Costain is among a group of organisations that includes De Montfort University, Bluefrog Design, M Wright and Sons, Virtalis and Loxcius that has secured co-funding from the government-backed Technology Strategy Board for a project aimed at improving the company’s operational performance and service delivery at Severn Trent Water.
The Technology Strategy Board, the UK’s innovation agency, works to stimulate technology-enabled innovation in areas that offer the greatest scope for boosting the UK’s growth and productivity.
Central to the three-year project involving Costain plus manufacturing firms M Wright & Sons and Bluefrog Design is the Autonomous Model Development software Tool (AMDT). The AMDT will work like a closed loop control system, where changes are constantly assessed and their effects fed back into the loop. The ultimate aim is to produce more reactive and competent processes.
Costain’s Business Development Director for the Water Sector, Matt Crabtree commented:
“It’s still very early days.
“The background to the project is to make British industry more efficient. The collaborative research and development project uses Costain’s and other collaborators’ processes to generate a requirement specification for the AMDT and as sites for validating the project outputs.”
For the purposes of the study, Costain’s maintenance and repair work for Severn Trent is under the microscope. Matt Crabtree continued:
“For example, we repair hand-railings across Severn Trent sites. We do a lot of these jobs, but they are all slightly different. It’s a case of how we can streamline the process by using these innovative technologies to make it more efficient.”
Matt Crabtree said that Costain didn't think of itself as a manufacturing business and that Professor David Stockton of De Montfort University had suggested it compare itself to Morgan Cars,” He explained:
“All Morgan’s sports cars have four wheels and an engine, but they are built to custom order – in many ways, a similar situation to our hand-railing jobs.

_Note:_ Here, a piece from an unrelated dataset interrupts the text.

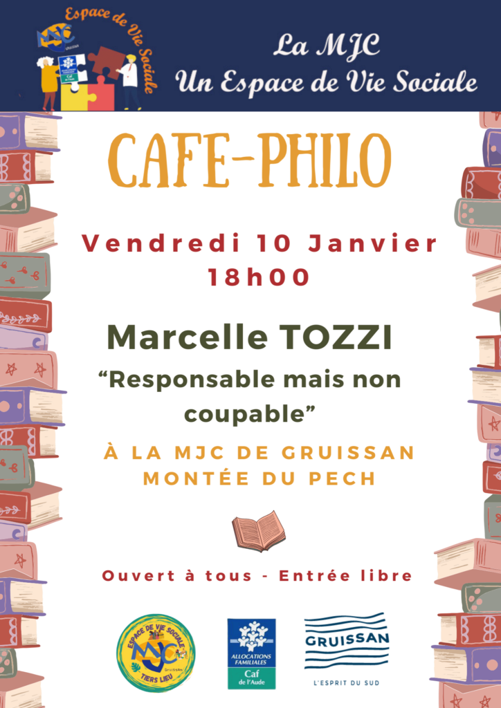 ENTREE LIBREVendredi 10 janvier, à 18h00 à la MJC de Gruissan, Marcelle TOZZI animera votre rendez-vous café-philo !

The fundamentals are similar but the shape and fixing differ.”
Professor Stockton said that coping with those differences – for example, in the form of problems or changes to an individual project – is the aim of the AMDT. Even a small change or problem, such as equipment breakdown, or a client changing a deadline, could have lengthy knock-on effects.
AMDT is aimed at helping a company’s planners make better judgements by using causal links across processes to autonomously resolve the effects of these problems and find best solutions to them.